Behaviour and ecology

Most species are solitary when not mating,[78] though a few are known to occur in high densities and with frequent interactions, signaling, mate defending and eviction of individuals from dens. This is likely the result of abundant food supplies combined with limited den sites.[79] The LPSO has been described as particularly social, living in groups of up to 40 individuals.[80][81] Octopuses hide in dens, which are typically crevices in rocky outcrops or other hard structures, though some species burrow into sand or mud. Octopuses are not territorial but generally remain in a home range; they may leave in search of food. They can navigate back to a den without having to retrace their outward route.[82] They are not migratory.[83]
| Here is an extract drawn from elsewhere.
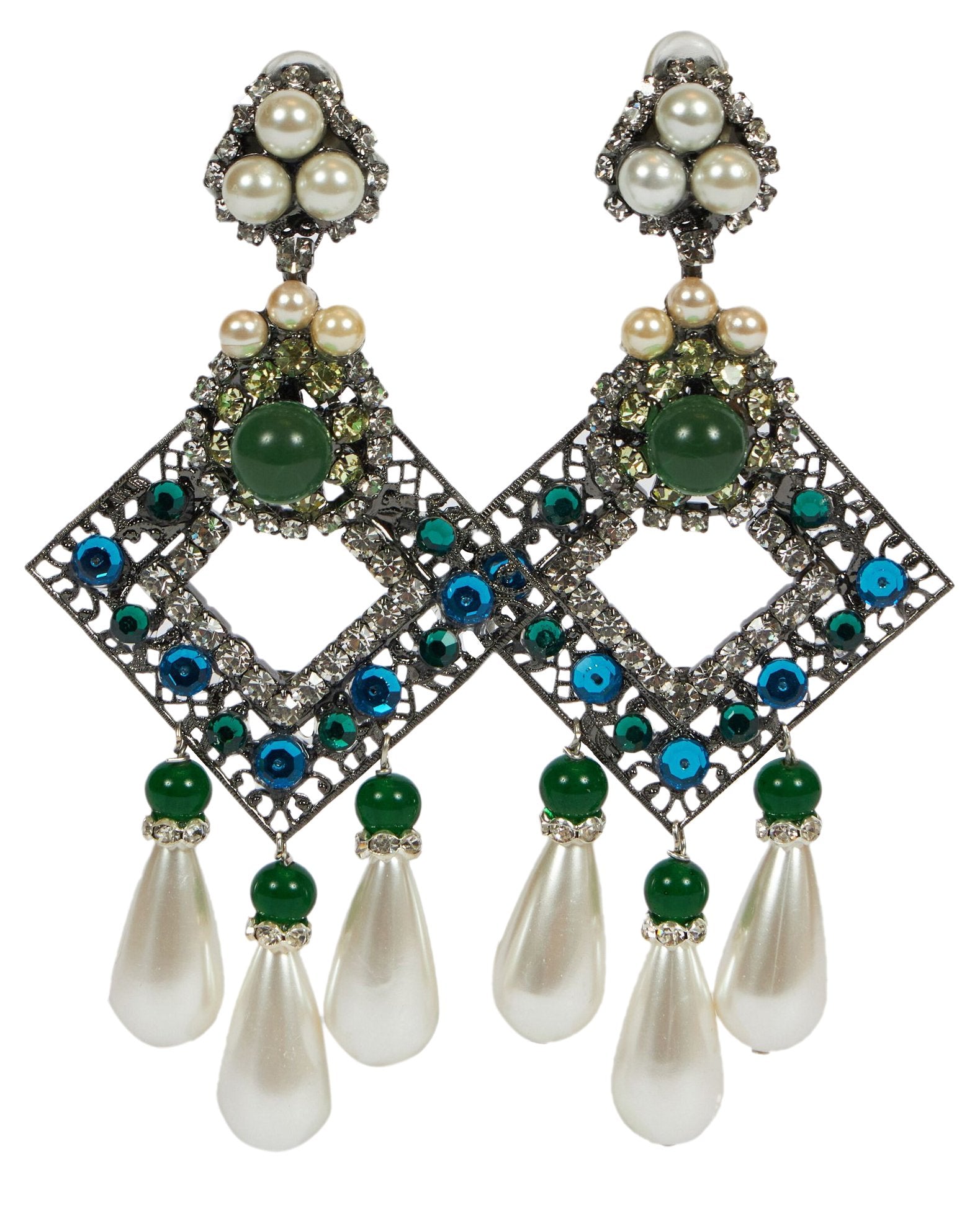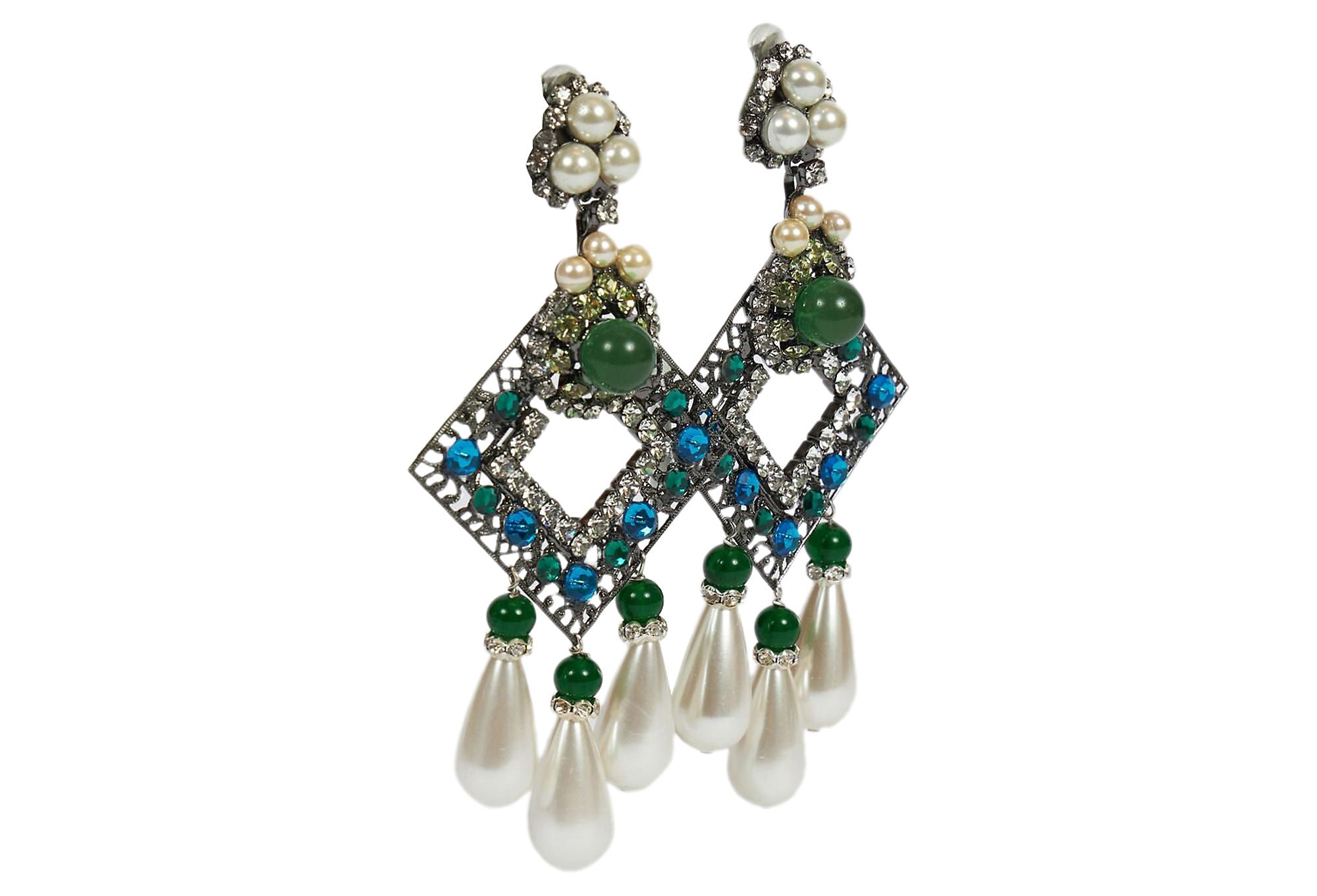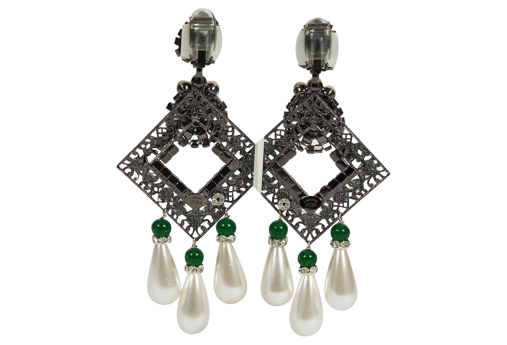 Lawrence Vrba one of a kind chandelier emerald and pearl clip earrings. Come with velvet pouch.

Octopuses bring captured prey to the den, where they can eat it safely. Sometimes the octopus catches more prey than it can eat, and the den is often surrounded by a midden of dead and uneaten food items. Other creatures, such as fish, crabs, molluscs and echinoderms, often share the den with the octopus, either because they have arrived as scavengers, or because they have survived capture.[84] On rare occasions, octopuses hunt cooperatively with other species, with fish as their partners. They regulate the species composition of the hunting groupand the behavior of their partnersby punching them.[85]

Feeding

 
Veined octopus eating a crab

Nearly all octopuses are predatory; bottom-dwelling octopuses eat mainly crustaceans, polychaete worms, and other molluscs such as whelks and clams; open-ocean octopuses eat mainly prawns, fish and other cephalopods.[86] Major items in the diet of the giant Pacific octopus include bivalve molluscs such as the cockle Clinocardium nuttallii, clams and scallops and crustaceans such as crabs and spider crabs. Prey that it is likely to reject include moon snails because they are too large and limpets, rock scallops, chitons and abalone, because they are too securely fixed to the rock.[84]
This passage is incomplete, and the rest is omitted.